Owner of this account was Samsung Electronics Overseas B.V., the global mobile handset giant’s subsidiary for regional sales in CIS. 
The CIS regional sales subsidiary is located in the Netherlands. Since the middle of 2000s, a huge amount of U.S. dollars, as little as several tens of thousand dollars up to hundreds of thousand dollars, have been transmitted into this subsidiary’s London bank account one after another. Senders of the frequently transmitted money were found to be shell companies.
Such a suspicious movement of money was exposed thanks to a huge volume of money transactions records from East Europe-based banks, which assisted money laundering networks to move money across borders. Transactions leaked from Ukio bankas, a Lithuanian bank which was closed down in 2013 for money laundering allegations. 
With the leaked documents, KCIJ-Newstapa has continued investigations on SEO’s transactions over the years. The volume of suspicious money moved into SEO’s London bank account kept increasing in the meantime.
● Shell companies → USD 24 million(approx. KRW 27 billion) → SEO’s London Citibank account (KCIJ-Newstapa reporting in March 2017)
● Shell companies → USD 93 million(approx. KRW 100 billion) → SEO’s London Citibank account (KCIJ-Newstapa reporting in March 2019)
However, Samsung Electronics headquarters remained silent. The allegation seemed to disappear from public attention.
▲Major global banks, which work as a corresponding bank for non-dollar trading small banks, are obliged to submit suspicious activity reports(SAR) to the Financial Crimes Enforcement Network(FinCEN), a division under the U.S. Dept. of Treasury. (Source: BuzzFeed News, ICIJ)
In the meantime, the International Consortium of Investigative Journalists (ICIJ) reviewed an unexpected pile of documents. The documents were suspicious activity reports (SAR), which global banks submit to the Financial Crimes Enforcement Network (FinCEN) - a division under the U.S. Department of Treasury. The confidential financial transaction data was also delivered to the KCIJ-Newstapa reporters.
From this huge pile of confidential government intelligence documents, the reporters found 12 transactions worth USD 3.34 million moved into SEO’s bank accounts from 2005 to 2016. Senders of the money were shell companies. 
▲Samsung Electronics Overseas B.V., a Netherlands-based regional sales subsidiary for CIS, received USD 3.34 million from six shell companies. Banks and the FinCEN regarded the transactions suspicious. (Source: BuzzFeed News, ICIJ)

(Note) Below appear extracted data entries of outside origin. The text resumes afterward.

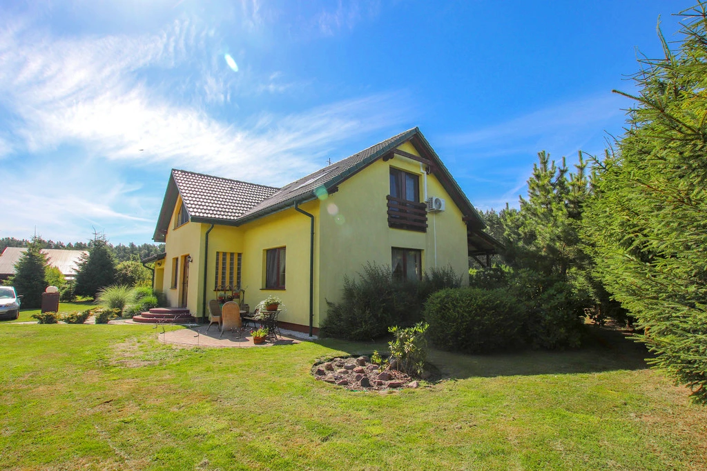 Willkommen in Brzózki – einer malerischen Ortschaft in naturnaher Umgebung mit Wäldern, Wiesen und nur ca. 1 km vom Stettiner Haff entfernt. Hier erwartet Sie ein charmantes, freistehendes Einfamilienhaus mit einer Wohnfläche von 158 m² auf einem großzügigen, liebevoll gestalteten Grundstück von 1.554 m².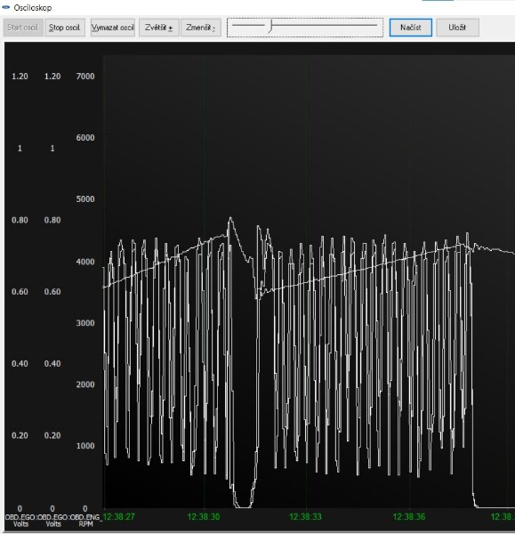 Snímač klapky jsem dával nový. Dnes jsem měřil přední a zadní lambda sondu. Má to takhle vypadat? Měl jsem to barevně označené, ale po načtení uloženého záznamu barvy zmizeli...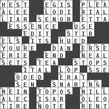 ACROSS 1. Command 5. Armor plate that protects the chest 9. Entreaty 13. Toward shelter 14. Farming town in central California 15. Monetary unit of Yemen 16. One who doesn't tell the truth 17. Sir (Sp.) 18. Singer James 19. Core 21. Purpose 22. Prepare for publication 23. Use a spoon 24. Raised railways 27. It is 28. Became colored 29. You are 31. One of the 12 tribes of Israel 32. Celtic language 36. One of the Great Lakes 37. Conclusion 38. Be tempered by heat 39. Arranges properly for use 40. Beverage made from leaves 41. Halts 42. Slanted text style (abbr.) 44. Chop off 46. Compass dir. 47. Wrote a lyric poem 48. Part of Q.E.F. 50. Elected rep. 51. Catching in a trap 54. Chow _ 56. Literary convention 58. Place where flour is made 60. Actor Baldwin 61. Austrian river, tributary to the Danube 62. Margarine 63. Hoop that covers a wheel 64. Musical sound 65. Monthly bill DOWN 1. Actor Linden 2. Writer Wiesel 3. Oceans 4. Laconic 5. Chooses 6. Went 7. Wedding promise 8. Title for a knight 9. Elected leader of a country 10. 61 cubic inches 11. Ingest 12. According to 17. In a ____ (agitated or irritated) 20. Singer Brickell 21. Shoshoni 23. Player for Phoenix 24. Sight organs 25. Old wives' tales, e.g. 26. Set or collection 28. Possessed 30. Dwelling 31. Heredity factor (abbr.) 33. Vintage cars 34. Plant excrements 35. Otherwise 37. Snakelike fish 40. Small boy 41. Practice fight 43. Nine, plus one 44. Poe poem 45. Mouths or openings 47. Flexible twig of a willow tree 49. The easternmost of the Lesser Sundas 51. Petty quarrel 52. "Death on the ____" 53. Small, secluded valley 54. Floor protector 55. Biblical high priest 56. Shallow baking pan 57. Bear (Spanish) 59. Car dealer's back yard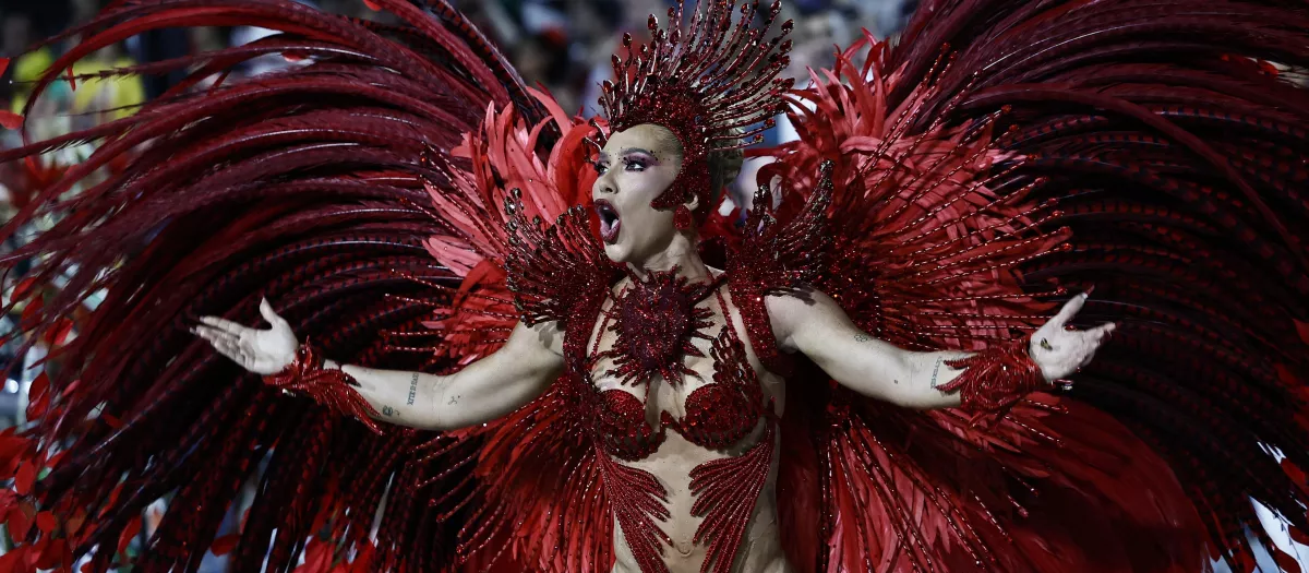 Vestida con un lujoso traje rojo brillante, pero con muchas transparencias, con pedrería y plumas que evocaban el tema que inspiró el desfile de la escuela, Fonseca cruzó los 700 metros del sambódromo al frente de los cerca de 300 percusionistas de la «Invocada», como se conoce a la 'batería' (orquesta) de Grande Río.

Although the amount of newly discovered murky money was smaller than the 2017 and 2019 investigations, the 2020 discovery was more meaningful than the former findings because the grounds of KCIJ-Newstapa’s persistent allegation against Samsung Electronics were reaffirmed by the U.S. government financial watchdog reports.
At this point, questions emerged again. Why did the shell companies directly related to Russian transnational money laundering network appear as SEO’s buyers? Why were the transactions of SEO reported to the U.S. government financial crimes watchdog?
The reporters pulled out old SEO documents for review, and studied the invoices between SEO and its shell company buyers. The shell companies submitted these invoices to banks to wire transfer the money.
▲The reporters reviewed the authenticity of the invoices in a various ways.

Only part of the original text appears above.